Put together a vintage style sewing kit to catch and fasion emergency.
Are you supplied, by the way, with a mending outfit? Every seamstress needs a work-bag, well fitted with the things she is likely to use.
Just the other day I saw a tiny sewing kit, which was the cutest thing imaginable! It was made of pink silk belting, held in shape by satin-covered cardboard sides. It was three inches long by two inches wide, just the dimensions of its little embroidery scissors, and less than one inch high, exactly the height, in fact, of its small aluminum thimble. But the finest thing about it was that it contained a complete mending outfit. There was a double fold of fine white flannel, an inch by an inch and a half, on one side of which were assorted needles, and on the other side a dozen small safety-pins. A tiny silk button-bag, an inch and a half square, held a few pearl buttons of different sizes and a dozen assorted hooks and eyes, both black and white.

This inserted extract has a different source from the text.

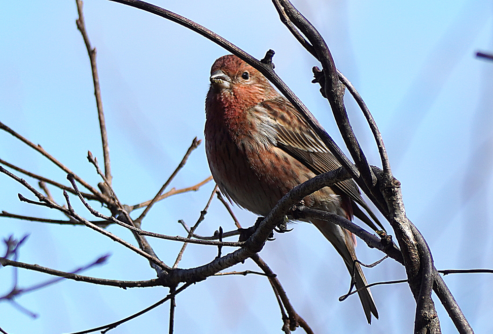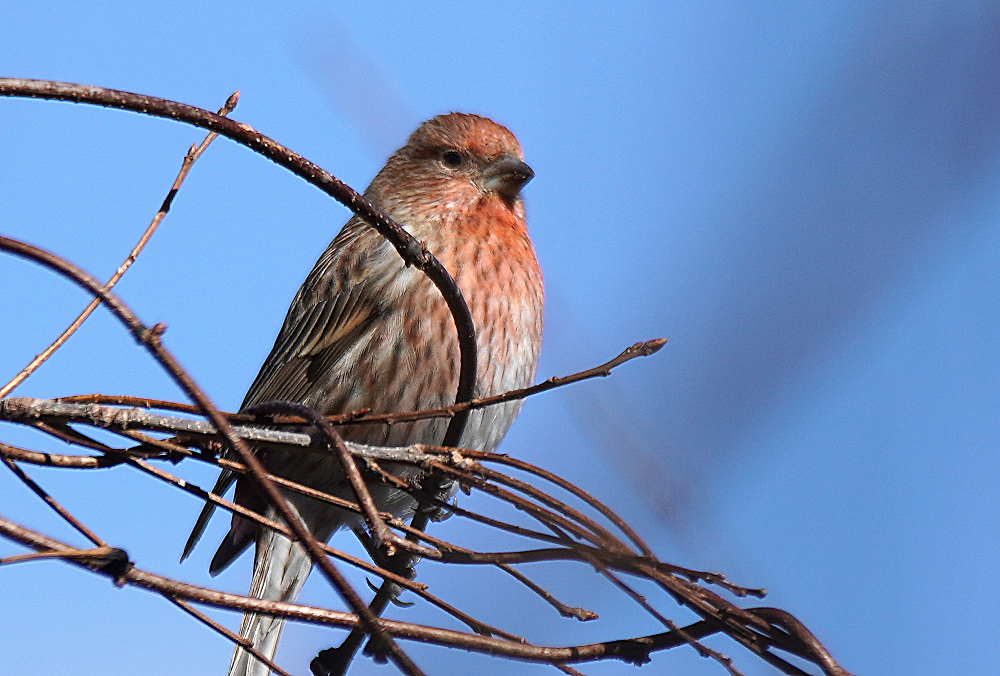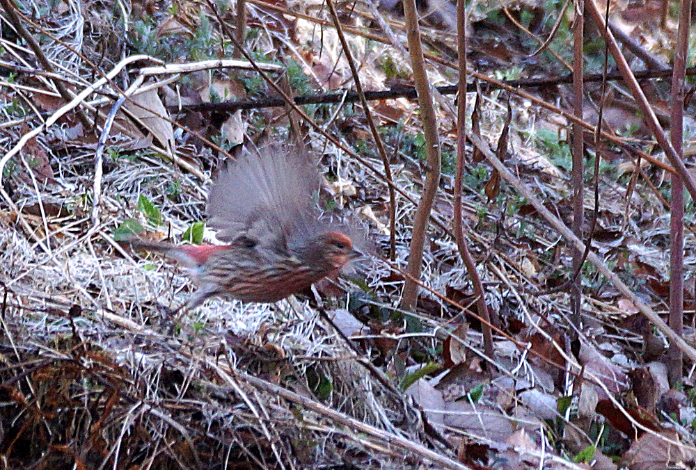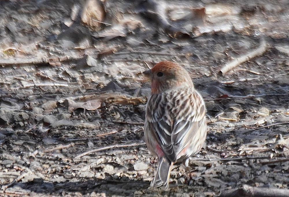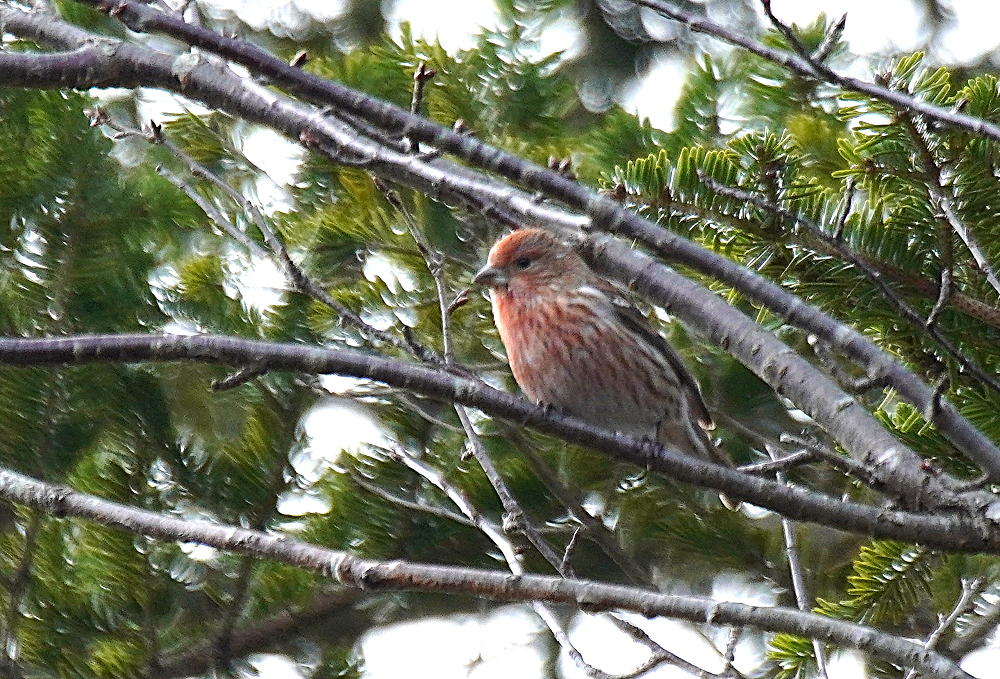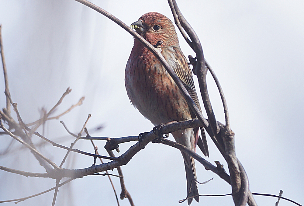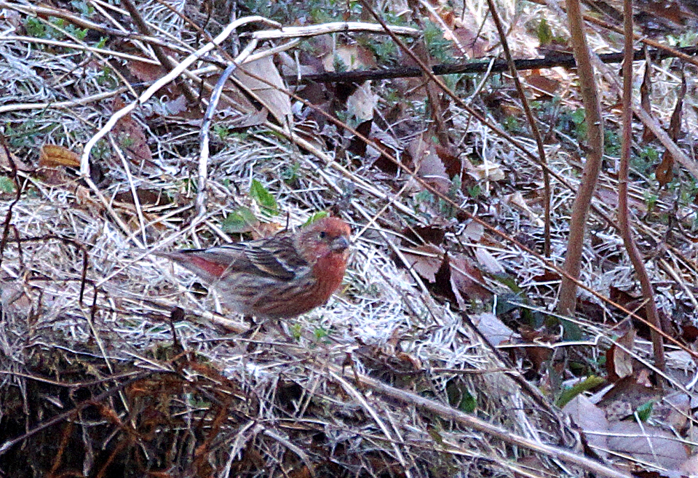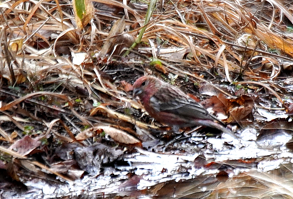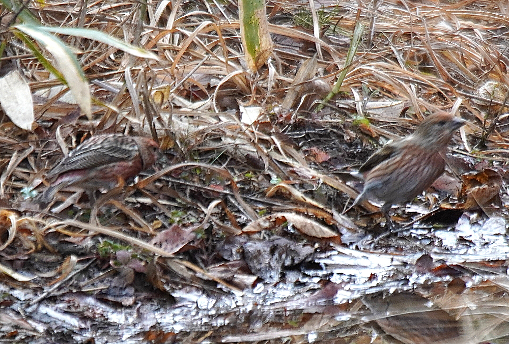 オオマシコの情報を頂きました。 野暮用で数日後に行ってみました。 ヤマハギが自生していましたが実は既になく少し遅かったような気がしました。 それでも萩の下で落ちた実を食べていたようですが直ぐ飛ばれて数日通いました。 やっと見つけたところは崖地の雑木の中で新芽を啄んでいました。 ごちゃごちゃしていて上手く撮れません。 でも、数年振りのオオマシコに出会い嬉しかったです。

Attached to one corner with a few strong stitches was a tiny emery. Loose in the bottom were six tiny cards, half an inch square, each wrapped with a few yards of thread (coarse and fine black and white cotton, black silk and black darning cotton). There was also a bodkin, a darning-needle, a roll of, perhaps, half a yard of narrow tape, and a ball of wax. Several large safety-pins completed the equipment.
This little sewing kit was carried by one of my friends on all her travels, because it could be slipped into even the smallest hand-bag. It provided always for the button suddenly missing from glove or underwear, the rip or rent in a garment, the mysterious hole in a stocking. If you should care to make one for yourself, I will tell you how to do it, but it would make a lovely present for you to give to mother or sister or your dearest friend.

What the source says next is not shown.